> [LISTED ENTRIES]
* * *
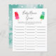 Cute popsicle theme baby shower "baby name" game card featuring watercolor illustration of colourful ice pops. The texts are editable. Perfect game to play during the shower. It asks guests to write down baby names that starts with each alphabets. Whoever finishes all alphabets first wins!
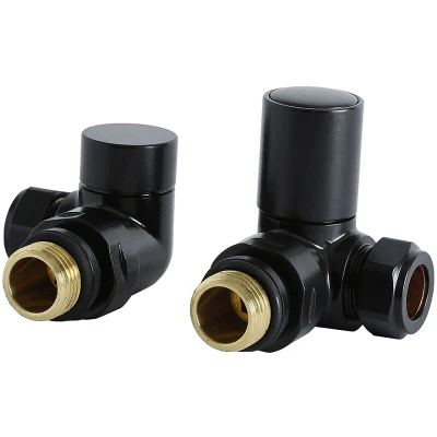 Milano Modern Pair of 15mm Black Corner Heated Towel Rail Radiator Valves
* * *
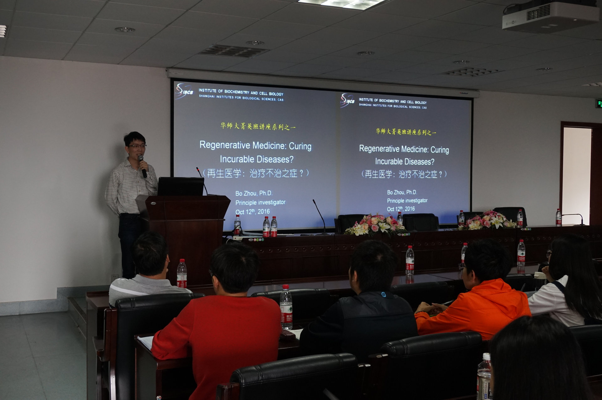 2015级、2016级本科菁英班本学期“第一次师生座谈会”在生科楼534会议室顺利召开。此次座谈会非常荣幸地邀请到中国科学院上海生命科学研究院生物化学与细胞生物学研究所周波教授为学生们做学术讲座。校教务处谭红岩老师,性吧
* * *
> [WHAT THE TASK REQUIRES] Now transcribe the lines above exactly, starting at the line containing "Cute popsicle theme" and ending at the line containing "Milano Modern Pair", both lines included, pictures excluded.

> [WRITTEN SOLUTION]
 Cute popsicle theme baby shower "baby name" game card featuring watercolor illustration of colourful ice pops. The texts are editable. Perfect game to play during the shower. It asks guests to write down baby names that starts with each alphabets. Whoever finishes all alphabets first wins!
 Milano Modern Pair of 15mm Black Corner Heated Towel Rail Radiator Valves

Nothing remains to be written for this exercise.